Stored data

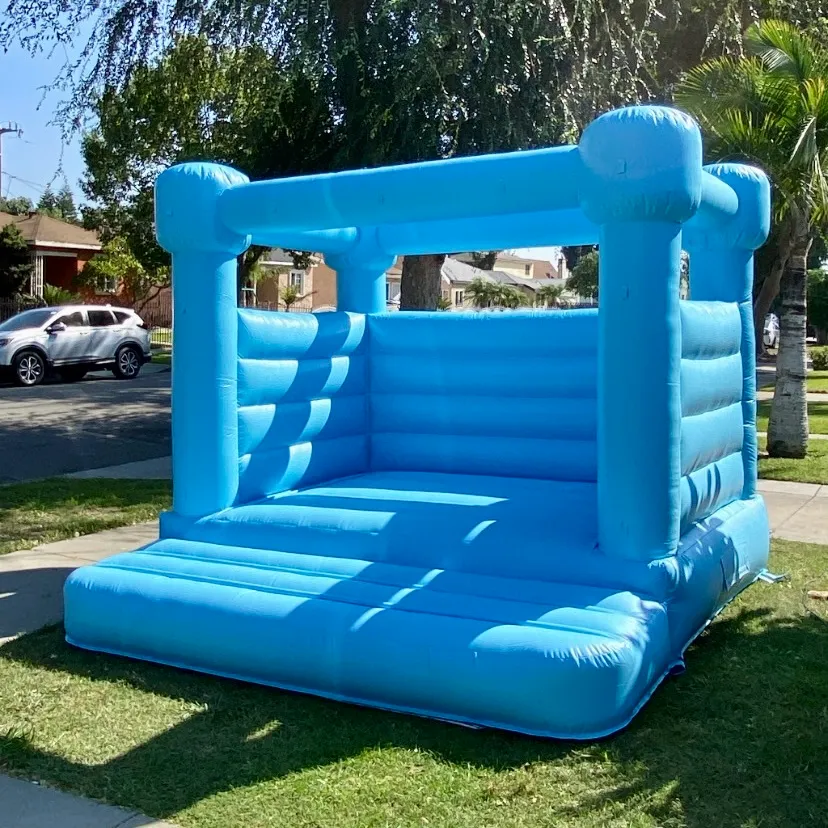 The Blue Modern Bounce House is perfect for smaller events and celebrations! This trendy, stylish 10x12 ft inflatable holds up to 6-7 kids depending on their size and weight. The beautiful lake blue color adds the perfect aesthetic touch to any party.
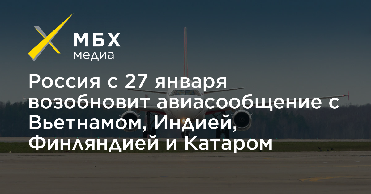 «По итогам состоявшегося обсуждения и с учетом эпидобстановки в отдельных странах штабом принято решение о возобновлении на взаимной основе международного авиасообщения с 27 января 2021 г. со следующими государствами: Вьетнам (Москва — Ханой, два раза в неделю), Индия (Москва — Дели, два раза в неделю), Финляндия (Москва — Хельсинки, два раза в неделю, и Санкт-Петербург — Хельсинки, два раза в неделю), Катар (Москва — Доха, три раза в неделю)», — сказано в сообщении оперштаба.
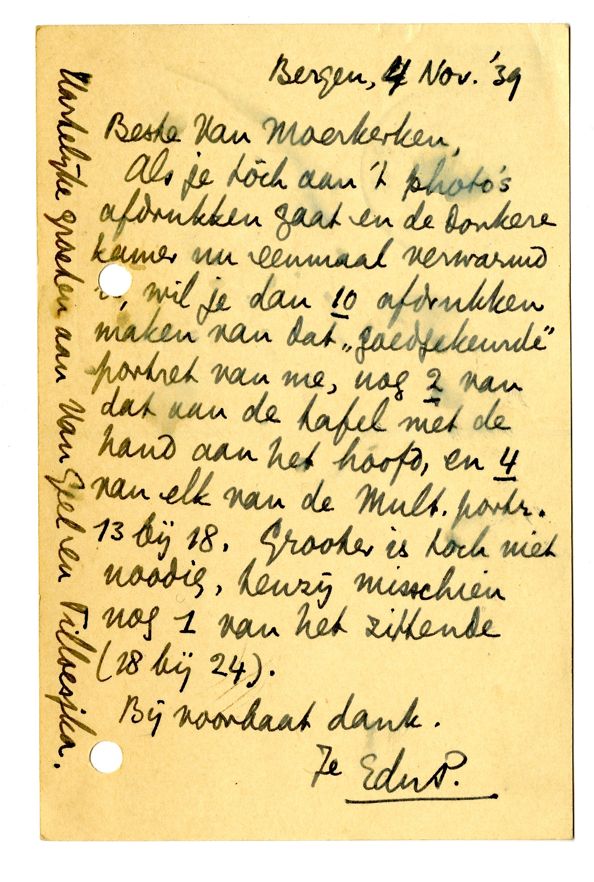 Als je tòch aan 't photo's afdrukken gaat en de donkere kamer nu eenmaal verwarmd is, wil je dan 10 afdrukken maken van dat ‘goedgekeurde’ portret van me,6349 nog 2 van dat aan de tafel met de hand aan het hoofd, en 4 van elk van de Mult. portr. 13 bij 18. Grooter is toch niet noodig, tenzij misschien nog 1 van het zittende 18 bij 24).
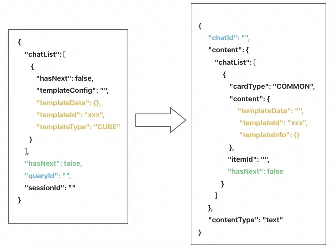 templateData复用外,templateId、templateInfo等涉及卡片的部分也保持不变,然后依次将chatId、itemId、hasNext等关键字段装载到新协议的结构体中。
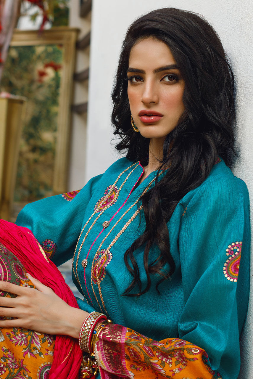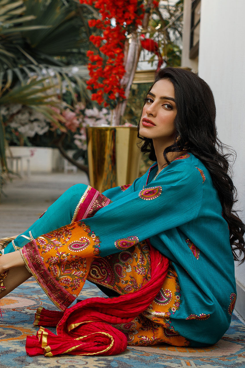 A classic tunic featuring screen print, lace and buttons it is paired with a silk trouser with gota detail and a crushed dupatta.
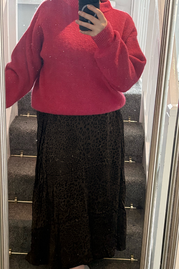 Combineer deze vloeiende rok met een crèmekleurige kasjmier trui voor een chique, comfortabele winterlook. - Satijnen rok - Uitlopend model - Halflang - Luipaardprint
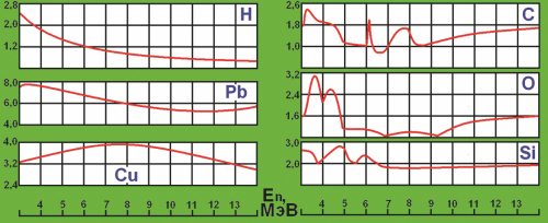 Сечения взаимодействия некоторых ядер с быстрыми (МэВ-ных энергий) нейтронами. На ординатах каждого графика даны сечения в барнах. Для низко-энергетичных нейтронов различия еще более заметны и характеризуются резонансами – скачками сечений (иногда – в пределах более трех порядков).
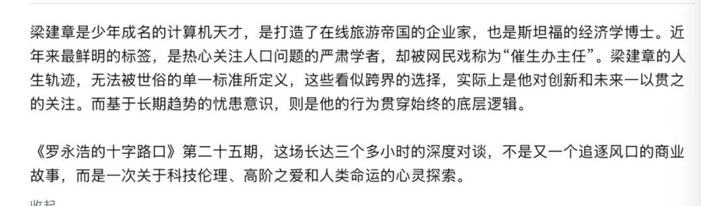 当我刷到梁建章做客罗永浩播客的介绍语时,整个人震撼到近乎“间歇性失灵”。
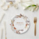 Boho birthday party paper plates in terracotta burnt orange and white. Beautiful modern design with hand painted botanical accents. Features pampas grass, dried banana leaves and roses. Trendy bohemian desert theme perfect for fall, winter, spring or summer. Perfect for a stylish bday celebration.
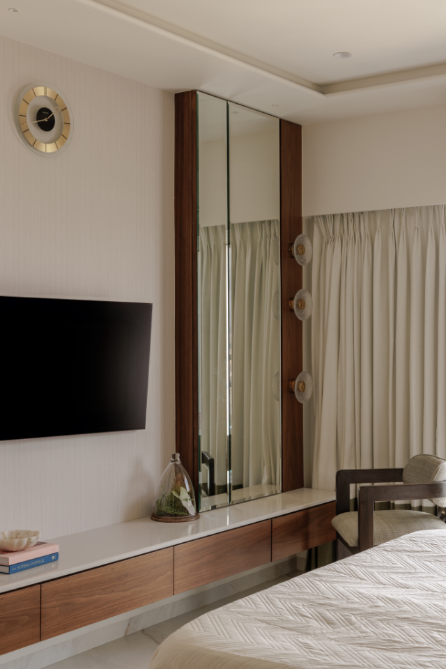 The client’s wife’s favourite colour—green—appears in the entrance wardrobe through a subtly detailed wallpaper applied over glass. A full-length mirror not only serves practical needs but also reflects the span of the home, amplifying light and depth.
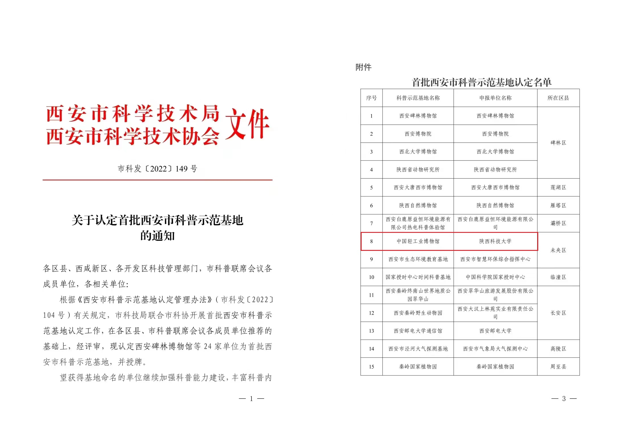 近日,西安市科學技術局、西安市科學技術協(xié)會發(fā)布《關于認定首批西安市科普示范基地的通知》,經(jīng)評審,認定24家單位為首批西安市科普示范基地。其中,包括中國輕工業(yè)博物館在內的三所高校博物館,入選首批西安市科普示范基地。
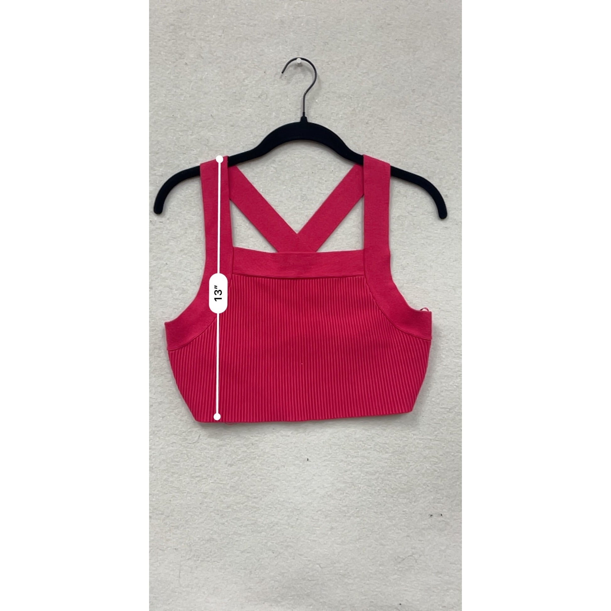 House Of Harlow 1960 Womens Ribbed Pink Cross Back Crop Top Medium #8176
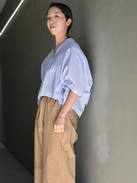 これは生地を変えてAKANEの定番として毎シーズン登場しているのですが、今回のカーディガンは薄手の素材なので、春だけでなく秋に着ても良さそう。
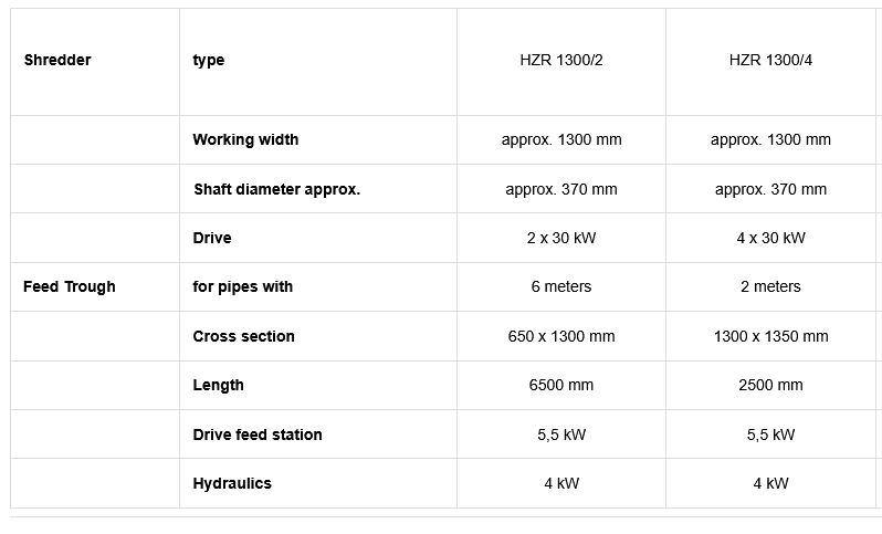 The NEUE HERBOLD pipe shredders type HZR are specially developed for effective pre-crushing of lumps and impact-resistant and thick-walled tubes with diameters up to 1200 mm.
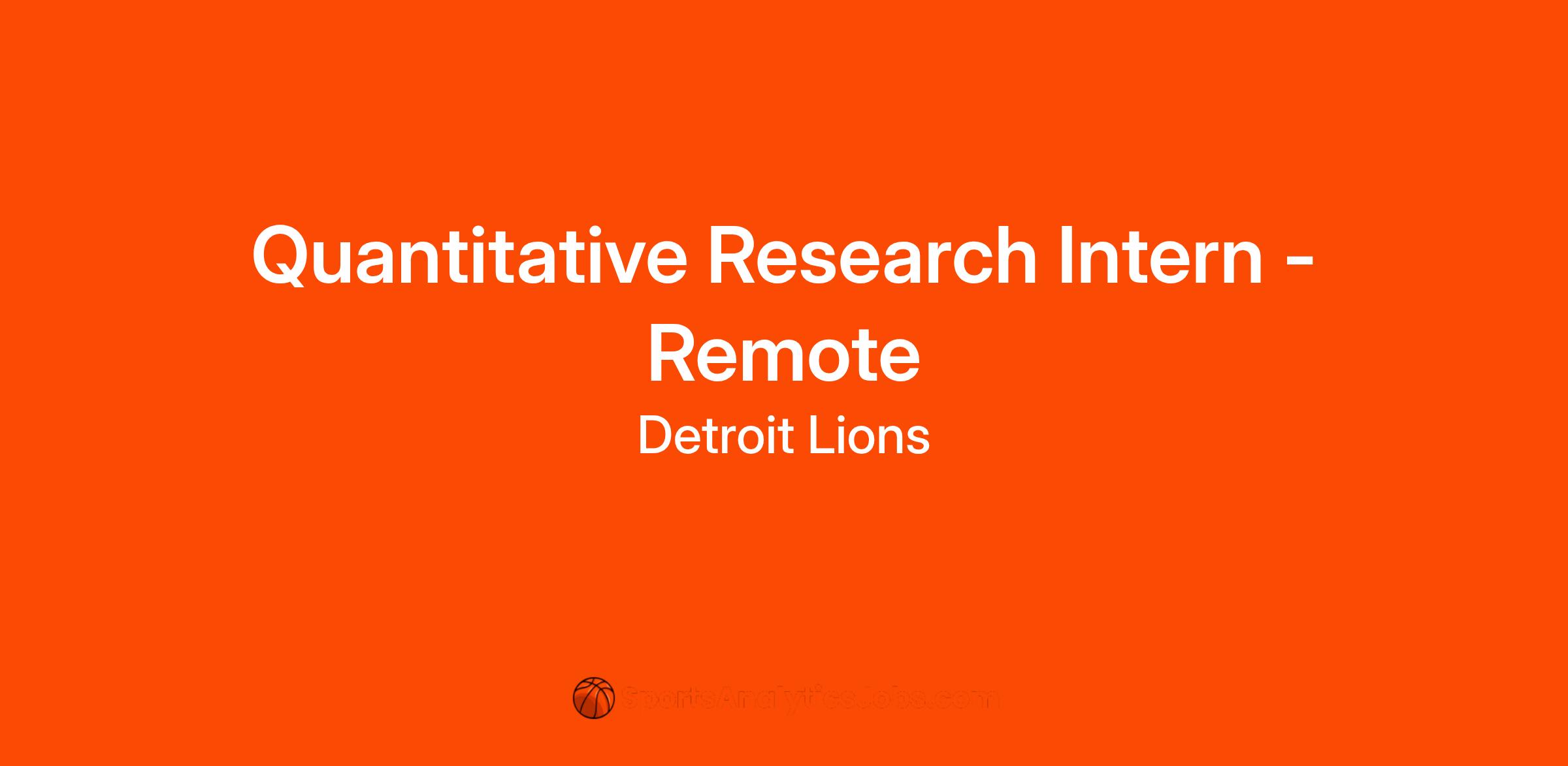 The Detroit Lions are seeking a motivated and independent intern to complete a football-based quantitative research project. This is a remote, part-time, paid internship structured as an educational and professional development opportunity. The internship will require approximately 15 hours of work per week for 10 weeks, and will include regular check-ins with the project lead and project milestones.

● INSTRUCTIONS TO FOLLOW
Without copying any picture, repeat all of the entries exactly.

● SOLUTION TO THIS TASK
 The Blue Modern Bounce House is perfect for smaller events and celebrations! This trendy, stylish 10x12 ft inflatable holds up to 6-7 kids depending on their size and weight. The beautiful lake blue color adds the perfect aesthetic touch to any party.
 «По итогам состоявшегося обсуждения и с учетом эпидобстановки в отдельных странах штабом принято решение о возобновлении на взаимной основе международного авиасообщения с 27 января 2021 г. со следующими государствами: Вьетнам (Москва — Ханой, два раза в неделю), Индия (Москва — Дели, два раза в неделю), Финляндия (Москва — Хельсинки, два раза в неделю, и Санкт-Петербург — Хельсинки, два раза в неделю), Катар (Москва — Доха, три раза в неделю)», — сказано в сообщении оперштаба.
 Als je tòch aan 't photo's afdrukken gaat en de donkere kamer nu eenmaal verwarmd is, wil je dan 10 afdrukken maken van dat ‘goedgekeurde’ portret van me,6349 nog 2 van dat aan de tafel met de hand aan het hoofd, en 4 van elk van de Mult. portr. 13 bij 18. Grooter is toch niet noodig, tenzij misschien nog 1 van het zittende 18 bij 24).
 templateData复用外,templateId、templateInfo等涉及卡片的部分也保持不变,然后依次将chatId、itemId、hasNext等关键字段装载到新协议的结构体中。
 A classic tunic featuring screen print, lace and buttons it is paired with a silk trouser with gota detail and a crushed dupatta.
 Combineer deze vloeiende rok met een crèmekleurige kasjmier trui voor een chique, comfortabele winterlook. - Satijnen rok - Uitlopend model - Halflang - Luipaardprint
 Сечения взаимодействия некоторых ядер с быстрыми (МэВ-ных энергий) нейтронами. На ординатах каждого графика даны сечения в барнах. Для низко-энергетичных нейтронов различия еще более заметны и характеризуются резонансами – скачками сечений (иногда – в пределах более трех порядков).
 当我刷到梁建章做客罗永浩播客的介绍语时,整个人震撼到近乎“间歇性失灵”。
 Boho birthday party paper plates in terracotta burnt orange and white. Beautiful modern design with hand painted botanical accents. Features pampas grass, dried banana leaves and roses. Trendy bohemian desert theme perfect for fall, winter, spring or summer. Perfect for a stylish bday celebration.
 The client’s wife’s favourite colour—green—appears in the entrance wardrobe through a subtly detailed wallpaper applied over glass. A full-length mirror not only serves practical needs but also reflects the span of the home, amplifying light and depth.
 近日,西安市科學技術局、西安市科學技術協(xié)會發(fā)布《關于認定首批西安市科普示范基地的通知》,經(jīng)評審,認定24家單位為首批西安市科普示范基地。其中,包括中國輕工業(yè)博物館在內的三所高校博物館,入選首批西安市科普示范基地。
 House Of Harlow 1960 Womens Ribbed Pink Cross Back Crop Top Medium #8176
 これは生地を変えてAKANEの定番として毎シーズン登場しているのですが、今回のカーディガンは薄手の素材なので、春だけでなく秋に着ても良さそう。
 The NEUE HERBOLD pipe shredders type HZR are specially developed for effective pre-crushing of lumps and impact-resistant and thick-walled tubes with diameters up to 1200 mm.
 The Detroit Lions are seeking a motivated and independent intern to complete a football-based quantitative research project. This is a remote, part-time, paid internship structured as an educational and professional development opportunity. The internship will require approximately 15 hours of work per week for 10 weeks, and will include regular check-ins with the project lead and project milestones.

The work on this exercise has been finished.